▶ TO DO:
The data below is to be written out exactly, with no pictures.
-=-=-
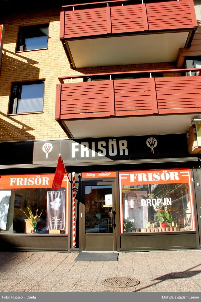 Fasaden till huset med adress Bergmansgatan 6 i Mölndals Centrum. Balkonger över entrén till Salong Hårfager i gatuplanet. Fotografi taget den 26 februari 2018. Byggnadsdokumentation inför rivning.
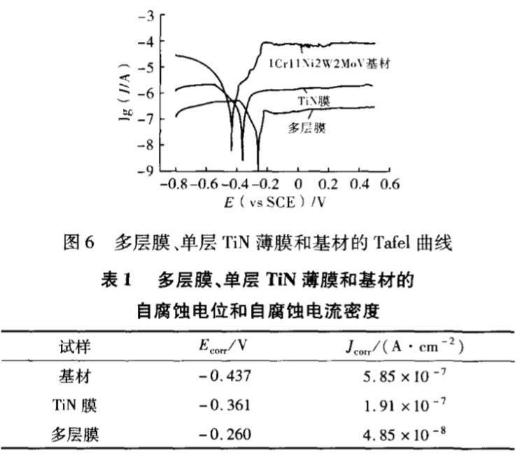 圖6為多層膜、單層TiN薄膜和1Crl1Ni2W2MoV基材在3.5%NaC1溶液中的Tafel曲線。表1為圖6Tafel曲線經(jīng)電化學(xué)工作站軟件擬合得到的自腐蝕電位和自腐蝕電流密度。
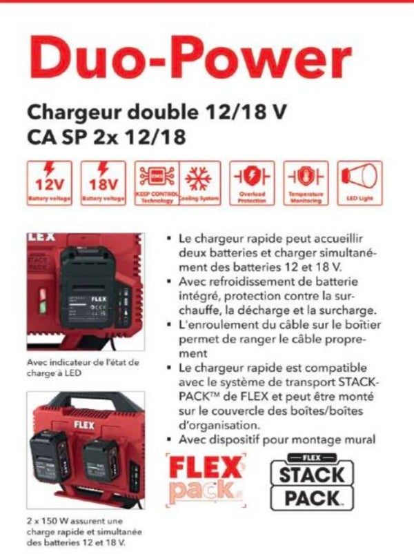 * Le chargeur rapide peut accueillir deux batteries et charger simultanément des batteries 12 et 18 V.
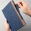 В блокноте 160 страниц в линейку кремовой бумаги плотностью 80 г/м2. Материал текстильной обложки изготовлен из переработанного (RPET) пластика. Ручка с синей пастой, стержень легко заменить.
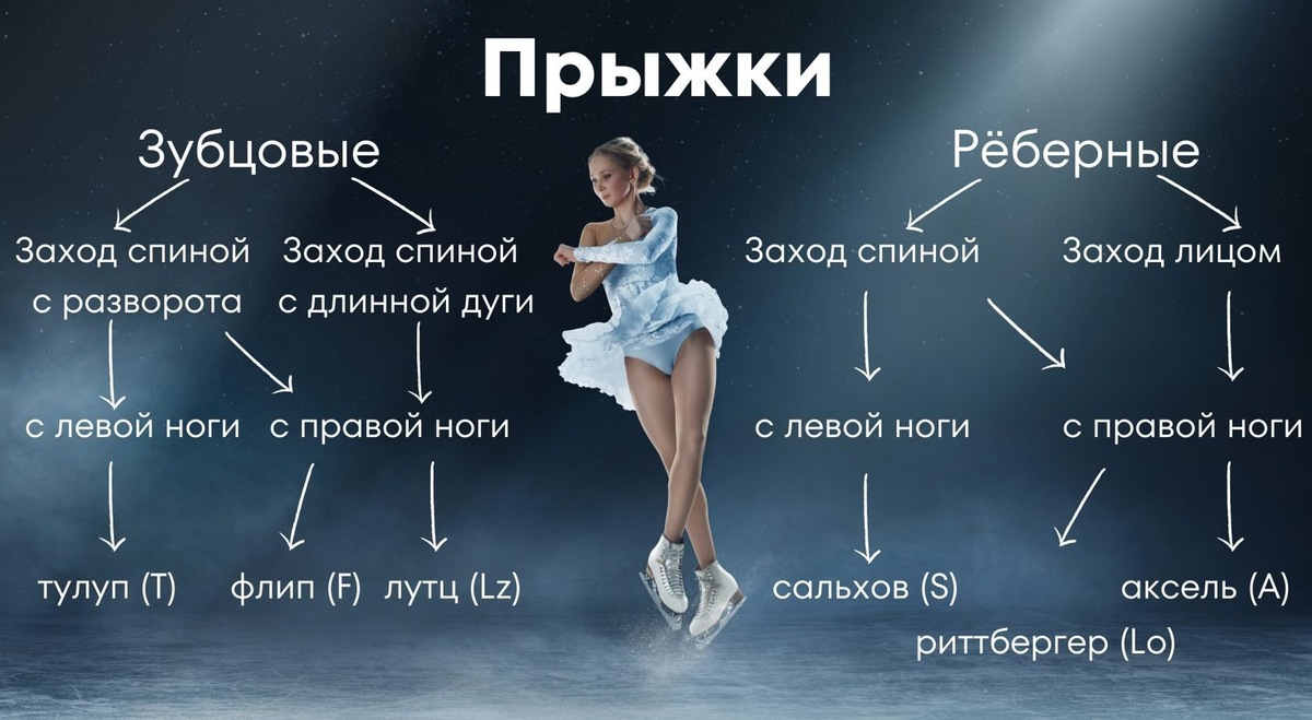 - Реберные - сальхов, аксель, риттбергер. Фигурист прыгает с той ноги, на которой скользит - прыжок реберный.
-=-=-
▶ EXERCISE ANSWER:
 Fasaden till huset med adress Bergmansgatan 6 i Mölndals Centrum. Balkonger över entrén till Salong Hårfager i gatuplanet. Fotografi taget den 26 februari 2018. Byggnadsdokumentation inför rivning.
 圖6為多層膜、單層TiN薄膜和1Crl1Ni2W2MoV基材在3.5%NaC1溶液中的Tafel曲線。表1為圖6Tafel曲線經(jīng)電化學(xué)工作站軟件擬合得到的自腐蝕電位和自腐蝕電流密度。
 * Le chargeur rapide peut accueillir deux batteries et charger simultanément des batteries 12 et 18 V.
 В блокноте 160 страниц в линейку кремовой бумаги плотностью 80 г/м2. Материал текстильной обложки изготовлен из переработанного (RPET) пластика. Ручка с синей пастой, стержень легко заменить.
 - Реберные - сальхов, аксель, риттбергер. Фигурист прыгает с той ноги, на которой скользит - прыжок реберный.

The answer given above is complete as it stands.